Salam.
Je cours depuis déjà une bon bout de temps sans me retourner sans savoir vers où le chemin que je tente de me frayer me mène. Il fait à peine jour et je traverse un champs de sapins sans rien y voir.
Il fait froid et j'ai l'impression de m'éloigner de tout lieux de vie ou territoire habité. Mes larmes coulent en même temps que je cours, nus pieds, dans cette forêt. Des éraflures créent des picotements sur la paumé de mes mains, ma robe s'est légèrement déchirée après s'être accrochée à une plante épineuse. Mon corps menace de lâcher à tout moment.
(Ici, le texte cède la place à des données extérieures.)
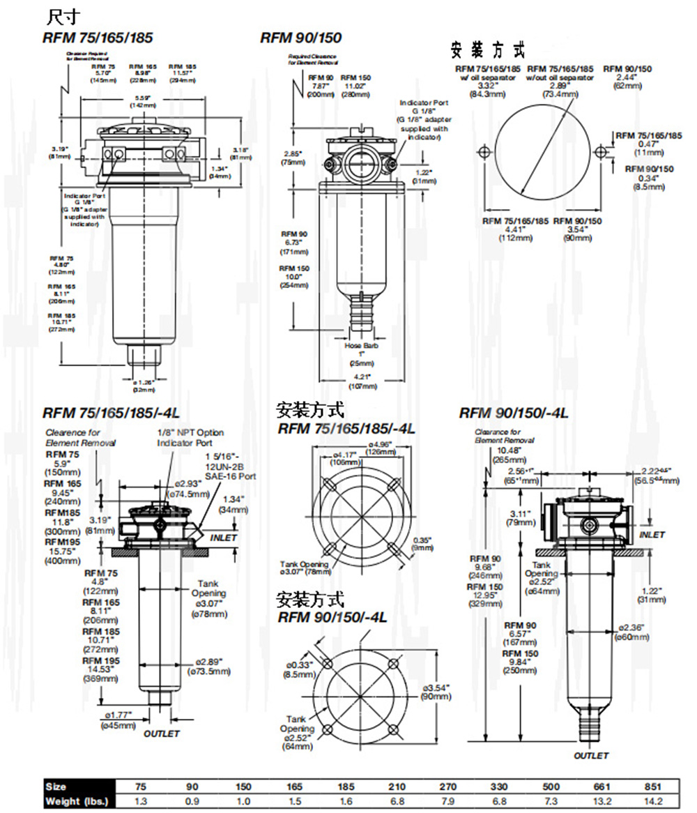 •尺寸75/90/150/165/185,配有4或2螺栓油箱法蘭。

Je ne sais pas si Samir m'a laissé une occasion intentionnelle de m'enfuir ou si ce n'était qu'un oubli de sa part mais hier le trousseau de clefs n'a pas été retiré de la porte. Ce matin très tôt une fois ma prière de l'aube effectuée j'ai prit le risque de franchir cette porte maudite et j'ai traversé la forêt.
Et depuis, je cours sans savoir où aller. Je pense m'être perdue j'essaie de repérer un quelconque bruit me permettant de me repérer mais j'ai peur de m'arrêter et de me faire rattraper.
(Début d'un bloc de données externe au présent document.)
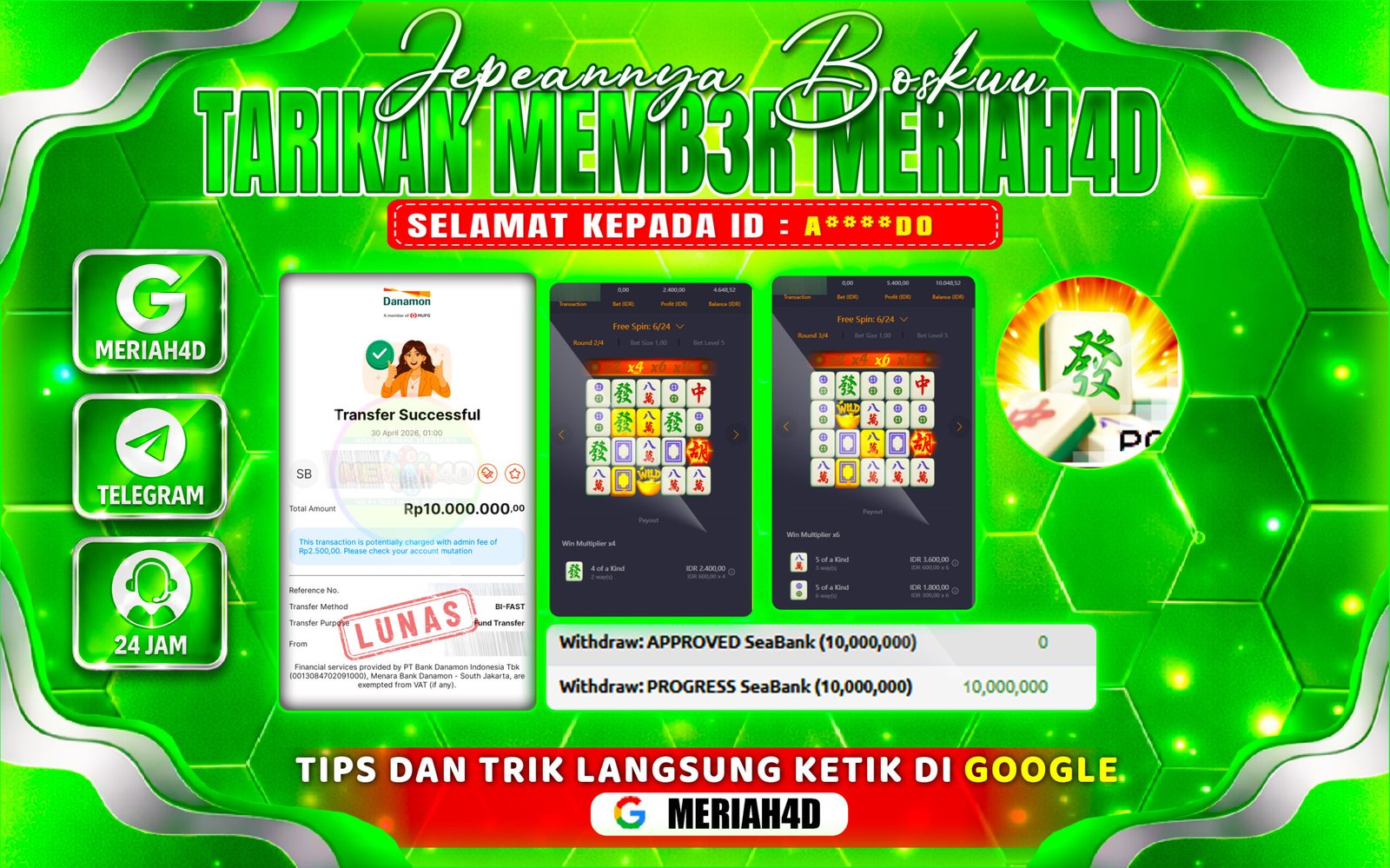 Selamat Kepada ID : A***do dan Atas Withdraw Rp. 10.0000.000 Juta Hari ini. Ditunggu Withdraw Selanjutnya dan ajak juga teman temannya bergabung di Meriah4d

Et puis soudain j'entends une voiture passée non-loin d'où je me suis arrêtée pour reprendre ma respiration et essuyer quelques larmes. Je grimpe. J'échelonne le tas d'ordures délaissé sur le bas côté de la route.
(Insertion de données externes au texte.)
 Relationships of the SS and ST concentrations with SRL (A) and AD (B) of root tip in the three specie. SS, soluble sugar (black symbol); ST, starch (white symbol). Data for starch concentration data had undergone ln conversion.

Ça me semble interminable. Plus je monte, plus mes pieds s'enfoncent dans le mélange de terre, de verdure et de déchets. J'ai l'impression de vivre les derniers instants cruciales de ma vie. C'est la même boule au ventre que j'ai ressenti la fois où j'ai décidé de quitter l'appartement.
Et puis me voilà, après une trentaine de minutes de course et une bonne dizaine de minutes à gravir ce faux muret, me voilà enfin toucher le goudron. Je marche dangereusement sur le bord de la route d'un pas ni déterminé ni équilibré.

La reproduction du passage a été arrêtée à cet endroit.